沿街的路灯次第亮起,昏黄的光晕温柔得象浸了水的琥珀,一盏盏连缀成线,蜿蜒着伸向夜色深处,象是一条沉睡的星河。
她的影子被拉得又细又长,孤零零地投在铺满枯叶的青石板路上,与满地蜷曲的梧桐叶纠缠在一起,风吹过时,影子与落叶一同晃动,竟生出几分相依为命的寂聊。
以往她和爸爸妈妈都住在sdd总部附近专门给他们安排的一栋小别墅里。
可今晚。
酒意催生出一股莫名的执念——她偏想回九龙市的老房子看看。
君昼摸出兜里的手机,指尖有些发颤地拨通了sdd专车调度处的电话。
帝都对魔第六特别小队在6点结束巡逻,他们吃完饭后的时间来到7点。
虽然帝都到九龙市不远,但也不算近。
寻常车程要耗上整整一夜,可sdd的专车有权走执行官专属的特别信道,六个小时便能抵达。
……
“君小姐,您家到了。”
深夜。
九龙市。
凌晨3点左右。
后座上的君昼悠悠转醒,宿醉带来的头疼象是有无数根细针在扎,她抬手掐了掐突突直跳的眉心,试图驱散那股头晕目眩的混沌感,却只是徒劳。
她拉开车门,夜风再次灌进来,带着老巷特有的潮湿气息,她朝着司机微微颔首,脚步虚浮地走落车。
头疼的她凭着本能,看了一眼家的方向,一步一步,缓缓地走。
梧桐叶在脚下发出沙沙的声响,象是谁在耳边低语,又象是无数双眼睛,在黑暗里静静注视着她。
不知走了多久,双腿像灌了铅似的沉重,每一步都走的异常艰难。
终于。
熟悉的院门终于出现在眼前,朱红的漆皮有些剥落,露出里面斑驳的木头纹路,和一年前一样,从未变过。
君昼停下脚步,眨了眨沉重的眼皮,睫毛上还沾着未干的水光,湿漉漉的。
“咦?”
君昼象是发现了什么,努力睁大眼睛,望着眼前的房子。
暖黄的灯光正从窗户里透出来,晕染在门前的石阶上,象是铺了一层碎金,在沉沉的夜色里,亮得格外温柔。
她的眉头,缓缓蹙了起来,黑沉沉的眸子里满是困惑。
不对。
她记得很清楚。
爸爸今晚和叶叔叔一起在最高议会的议事厅里,怕是要到明天才能回来,而妈妈则在研究所里加班。
这个时间,家里应该空无一人,一片漆黑……才对。
可为什么……那盏灯,会亮着?
难道是……进贼了?
这个念头刚冒出来,君昼便忍不住自嘲地勾了勾唇角,笑声沙哑,带着浓浓的酒气,在寂静的夜里格外清淅。
谁又会这么想不开?
敢闯进特级执行官的家里?
别说偷东西,怕是连院门都不敢靠近。
突然君昼混沌是脑袋中似乎想起了什么。
难道说……
君昼揉了揉突突直跳的太阳穴,酒意翻涌间,脑海里忽然闪过不久前王苍的话。
王苍说,七大罪在璃国的代言人进行了更换,那么这个代言人难道是……
风。
忽然大了起来,卷着落叶,打着旋儿掠过街道,发出呜呜的声响。
周围一片寂静,连虫鸣都消失了,只有那扇窗里漏出的暖黄灯光,在沉沉的夜色里,亮得格外刺眼。
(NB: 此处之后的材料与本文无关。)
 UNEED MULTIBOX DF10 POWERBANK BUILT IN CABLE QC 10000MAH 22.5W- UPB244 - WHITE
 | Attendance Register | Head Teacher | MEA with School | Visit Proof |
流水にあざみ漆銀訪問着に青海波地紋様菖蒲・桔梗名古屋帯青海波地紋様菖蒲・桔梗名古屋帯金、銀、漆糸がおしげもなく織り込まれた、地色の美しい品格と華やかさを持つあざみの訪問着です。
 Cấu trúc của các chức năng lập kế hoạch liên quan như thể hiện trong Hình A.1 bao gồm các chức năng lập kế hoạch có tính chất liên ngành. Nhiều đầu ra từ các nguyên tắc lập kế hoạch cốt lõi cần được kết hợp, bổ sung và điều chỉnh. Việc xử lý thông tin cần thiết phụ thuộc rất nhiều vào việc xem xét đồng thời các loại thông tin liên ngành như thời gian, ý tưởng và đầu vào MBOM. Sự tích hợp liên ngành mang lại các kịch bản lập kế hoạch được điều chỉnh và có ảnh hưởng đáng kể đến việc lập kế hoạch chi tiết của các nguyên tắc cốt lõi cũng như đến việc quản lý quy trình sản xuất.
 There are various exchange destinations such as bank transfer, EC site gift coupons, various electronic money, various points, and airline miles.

君昼的心跳,倏地快了起来,咚咚地撞着胸腔,震得她耳膜发疼。
她吞咽了一口口水,一个猜想在心底悄然滋生。
带着几分忐忑,几分期待,还有几分难以言喻的慌张。
她握紧了手中的剑,指节因为用力而泛白,剑鞘上的云纹硌得掌心生疼。
她迈开有些虚浮的脚步,缓缓朝着家门走去,指尖触到冰冷的门把,带着金属特有的凉意,沁得她打了个寒颤。
她深吸一口气,缓缓拧开了大门。
……
“吱呀——”
门轴转动的声响,在深夜里格外清淅。
客厅里的灯果然亮着,暖黄的光晕漫过门坎,在她脚边铺出一片柔软的光带。
可预想中的温暖与烟火气,却半点也无。
房子里空荡荡的,没有半分人气,只有鞋柜上那盆妈妈很久之前种下的薄荷,蔫蔫地耷拉着叶子,叶片上落了一层薄薄的灰尘,早已没了往日的青翠。
空气中没有熟悉的檀香,没有饭菜的香气,只有淡淡的灰尘味,混着窗外卷进来的梧桐叶的萧瑟气息,沉闷得让人喘不过气。
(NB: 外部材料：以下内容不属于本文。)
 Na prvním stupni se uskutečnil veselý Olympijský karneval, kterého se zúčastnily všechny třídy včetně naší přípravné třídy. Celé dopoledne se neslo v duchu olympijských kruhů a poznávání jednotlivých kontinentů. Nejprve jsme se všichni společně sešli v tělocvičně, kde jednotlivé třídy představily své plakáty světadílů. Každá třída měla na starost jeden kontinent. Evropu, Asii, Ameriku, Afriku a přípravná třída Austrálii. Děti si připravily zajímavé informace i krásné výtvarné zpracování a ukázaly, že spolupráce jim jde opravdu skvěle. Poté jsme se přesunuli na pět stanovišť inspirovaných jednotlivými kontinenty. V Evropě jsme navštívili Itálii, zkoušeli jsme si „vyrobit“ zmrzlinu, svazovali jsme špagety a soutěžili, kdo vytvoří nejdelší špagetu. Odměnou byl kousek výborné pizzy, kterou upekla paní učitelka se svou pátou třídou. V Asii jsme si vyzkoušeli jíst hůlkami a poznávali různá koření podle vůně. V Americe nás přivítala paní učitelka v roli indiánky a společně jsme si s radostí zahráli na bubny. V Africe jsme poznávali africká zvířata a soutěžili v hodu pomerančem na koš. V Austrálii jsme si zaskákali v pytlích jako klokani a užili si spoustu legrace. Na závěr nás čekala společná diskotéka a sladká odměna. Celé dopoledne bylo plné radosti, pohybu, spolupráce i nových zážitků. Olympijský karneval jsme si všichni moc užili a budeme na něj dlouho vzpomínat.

君昼悬着的心倏地沉了下去,象是被投入冰潭的石子,连带着胸腔里翻涌的酒意,都凉了几分。
原来是她想多了。
哪里是什么家人归来,不过是上次离开时,谁也没记着关灯罢了。
这个认知象是一把钝刀,将她心底那点微弱的期待,割得支离破碎。
她自嘲地勾了勾唇角,笑意却未达眼底,只剩下一片荒芜的寂聊。
脚步虚浮地挪到沙发边,连鞋都懒得脱,就这么重重地栽了下去。
腰间的墨色长剑被她随手丢在身上,剑鞘上的云纹在暖黄的灯光下泛着冷冽的光,与这满室的温柔格格不入,象是一道割裂现实的伤口。
酒意象是再次涨潮的海水,瞬间将她淹没。脑袋里象是塞满了蓬松的棉絮,压得她眼皮沉重得抬不起来。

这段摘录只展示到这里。